_Task description_
Below are records with pictures. Transcribe exactly, and only, the lines from the line with "而在业绩下滑的同时,公司各项" to the line with "your loved ones.", both ends included, but not the pictures.

[[ Record extracts, beginning ]]

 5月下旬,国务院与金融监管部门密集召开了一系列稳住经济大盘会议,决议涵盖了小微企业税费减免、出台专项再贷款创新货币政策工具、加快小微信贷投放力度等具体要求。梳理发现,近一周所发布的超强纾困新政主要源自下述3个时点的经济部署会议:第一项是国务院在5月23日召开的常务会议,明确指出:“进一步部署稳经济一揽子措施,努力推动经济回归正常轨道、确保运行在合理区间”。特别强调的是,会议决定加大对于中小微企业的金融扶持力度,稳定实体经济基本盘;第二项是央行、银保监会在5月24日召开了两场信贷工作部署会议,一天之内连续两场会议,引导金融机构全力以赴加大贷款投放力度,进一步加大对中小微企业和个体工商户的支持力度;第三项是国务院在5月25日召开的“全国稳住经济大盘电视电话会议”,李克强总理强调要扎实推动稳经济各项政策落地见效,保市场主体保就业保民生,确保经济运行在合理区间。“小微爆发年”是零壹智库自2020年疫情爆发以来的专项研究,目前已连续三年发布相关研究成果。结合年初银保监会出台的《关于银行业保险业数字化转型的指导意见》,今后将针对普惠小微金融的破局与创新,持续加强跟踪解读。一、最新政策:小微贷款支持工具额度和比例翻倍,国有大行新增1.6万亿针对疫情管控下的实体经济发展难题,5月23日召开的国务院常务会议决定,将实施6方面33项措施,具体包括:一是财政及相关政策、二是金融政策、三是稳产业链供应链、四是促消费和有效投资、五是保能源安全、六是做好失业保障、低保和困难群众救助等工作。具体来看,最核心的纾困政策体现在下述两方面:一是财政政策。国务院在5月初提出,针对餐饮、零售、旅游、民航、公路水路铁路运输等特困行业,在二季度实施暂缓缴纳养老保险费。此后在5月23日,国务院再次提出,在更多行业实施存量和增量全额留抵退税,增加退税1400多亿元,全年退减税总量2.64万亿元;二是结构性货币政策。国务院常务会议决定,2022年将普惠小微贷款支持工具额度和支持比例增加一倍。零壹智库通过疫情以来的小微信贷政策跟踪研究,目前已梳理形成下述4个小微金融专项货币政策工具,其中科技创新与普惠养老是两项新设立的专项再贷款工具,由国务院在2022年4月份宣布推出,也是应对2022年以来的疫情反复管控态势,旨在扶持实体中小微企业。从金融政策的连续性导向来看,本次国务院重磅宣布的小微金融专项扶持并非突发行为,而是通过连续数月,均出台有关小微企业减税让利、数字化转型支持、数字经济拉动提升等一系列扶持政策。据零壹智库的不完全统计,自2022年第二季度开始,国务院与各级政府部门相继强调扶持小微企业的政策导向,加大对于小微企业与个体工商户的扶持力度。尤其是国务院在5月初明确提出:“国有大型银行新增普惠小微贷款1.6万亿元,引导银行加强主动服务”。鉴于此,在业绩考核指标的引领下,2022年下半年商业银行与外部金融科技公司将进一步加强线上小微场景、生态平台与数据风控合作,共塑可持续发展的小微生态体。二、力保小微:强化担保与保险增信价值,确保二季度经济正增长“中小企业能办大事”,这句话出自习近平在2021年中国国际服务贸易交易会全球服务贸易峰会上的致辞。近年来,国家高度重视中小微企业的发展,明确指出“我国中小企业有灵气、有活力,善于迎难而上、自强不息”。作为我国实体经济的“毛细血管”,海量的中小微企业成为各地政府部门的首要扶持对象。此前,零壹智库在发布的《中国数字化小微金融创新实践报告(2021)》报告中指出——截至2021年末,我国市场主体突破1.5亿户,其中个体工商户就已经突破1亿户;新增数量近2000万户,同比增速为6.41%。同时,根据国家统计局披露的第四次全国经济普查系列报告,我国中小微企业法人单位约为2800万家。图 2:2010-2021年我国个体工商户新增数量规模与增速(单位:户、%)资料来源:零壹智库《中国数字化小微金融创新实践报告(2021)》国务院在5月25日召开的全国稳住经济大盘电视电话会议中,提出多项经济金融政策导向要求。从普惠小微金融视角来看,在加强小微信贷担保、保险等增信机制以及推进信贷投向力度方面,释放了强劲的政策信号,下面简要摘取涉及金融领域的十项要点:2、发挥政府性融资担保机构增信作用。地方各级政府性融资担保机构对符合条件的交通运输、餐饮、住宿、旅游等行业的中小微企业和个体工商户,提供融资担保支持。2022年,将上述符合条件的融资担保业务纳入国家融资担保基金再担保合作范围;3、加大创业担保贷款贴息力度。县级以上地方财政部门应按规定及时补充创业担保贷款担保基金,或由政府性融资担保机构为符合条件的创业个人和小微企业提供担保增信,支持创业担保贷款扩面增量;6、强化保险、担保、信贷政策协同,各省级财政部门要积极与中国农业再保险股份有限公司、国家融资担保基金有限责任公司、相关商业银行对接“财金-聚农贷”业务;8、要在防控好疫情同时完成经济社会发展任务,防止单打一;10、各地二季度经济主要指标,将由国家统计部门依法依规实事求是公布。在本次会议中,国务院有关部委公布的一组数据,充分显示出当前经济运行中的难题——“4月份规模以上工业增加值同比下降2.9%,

[[ Record extracts, end ]]
[[ Record extracts, beginning ]]

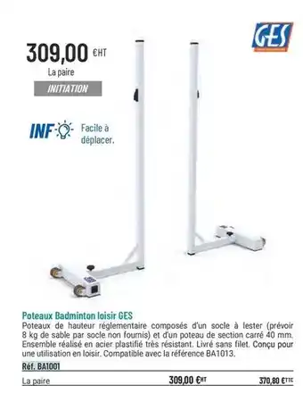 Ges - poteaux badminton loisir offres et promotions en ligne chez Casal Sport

[[ Record extracts, end ]]
[[ Record extracts, beginning ]]

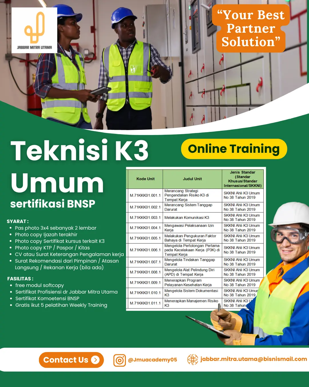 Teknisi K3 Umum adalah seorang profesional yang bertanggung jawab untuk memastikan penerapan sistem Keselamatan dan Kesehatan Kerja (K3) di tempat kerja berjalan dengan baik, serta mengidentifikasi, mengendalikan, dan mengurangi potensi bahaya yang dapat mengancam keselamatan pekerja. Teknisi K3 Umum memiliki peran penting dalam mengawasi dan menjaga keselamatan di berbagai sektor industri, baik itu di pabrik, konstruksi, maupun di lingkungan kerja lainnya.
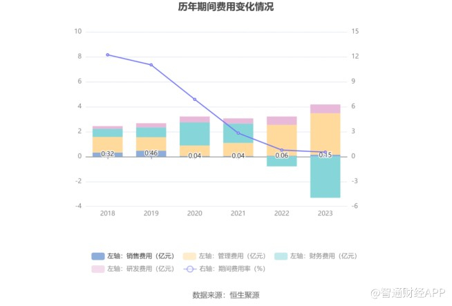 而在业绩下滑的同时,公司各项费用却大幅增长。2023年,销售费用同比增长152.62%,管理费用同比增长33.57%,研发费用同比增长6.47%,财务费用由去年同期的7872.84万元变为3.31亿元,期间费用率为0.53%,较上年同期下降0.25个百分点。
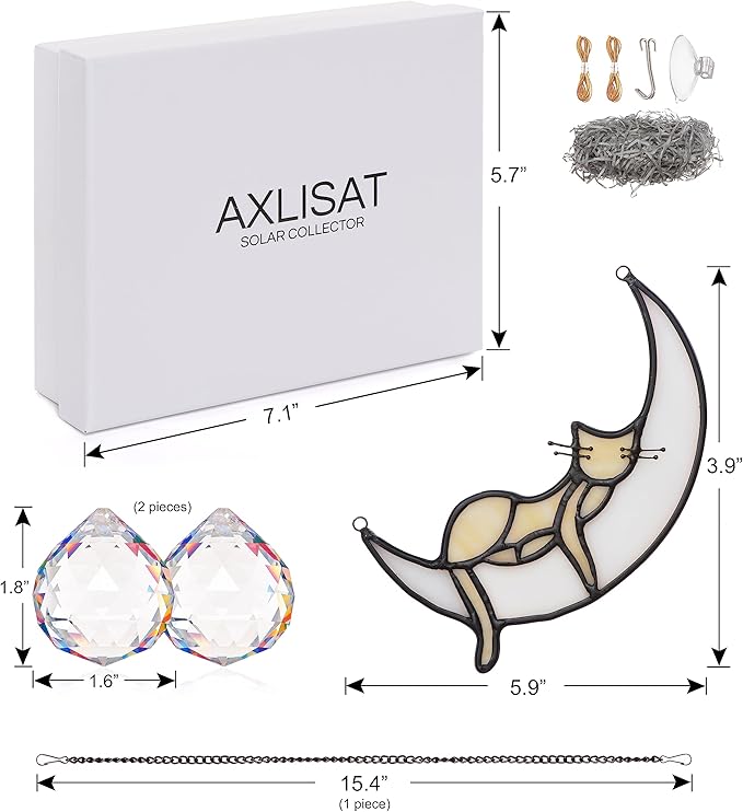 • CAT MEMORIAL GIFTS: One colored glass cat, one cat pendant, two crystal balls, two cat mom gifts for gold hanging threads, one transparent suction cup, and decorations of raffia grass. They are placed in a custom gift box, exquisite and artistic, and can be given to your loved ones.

[[ Record extracts, end ]]

_Answer_
 而在业绩下滑的同时,公司各项费用却大幅增长。2023年,销售费用同比增长152.62%,管理费用同比增长33.57%,研发费用同比增长6.47%,财务费用由去年同期的7872.84万元变为3.31亿元,期间费用率为0.53%,较上年同期下降0.25个百分点。
 • CAT MEMORIAL GIFTS: One colored glass cat, one cat pendant, two crystal balls, two cat mom gifts for gold hanging threads, one transparent suction cup, and decorations of raffia grass. They are placed in a custom gift box, exquisite and artistic, and can be given to your loved ones.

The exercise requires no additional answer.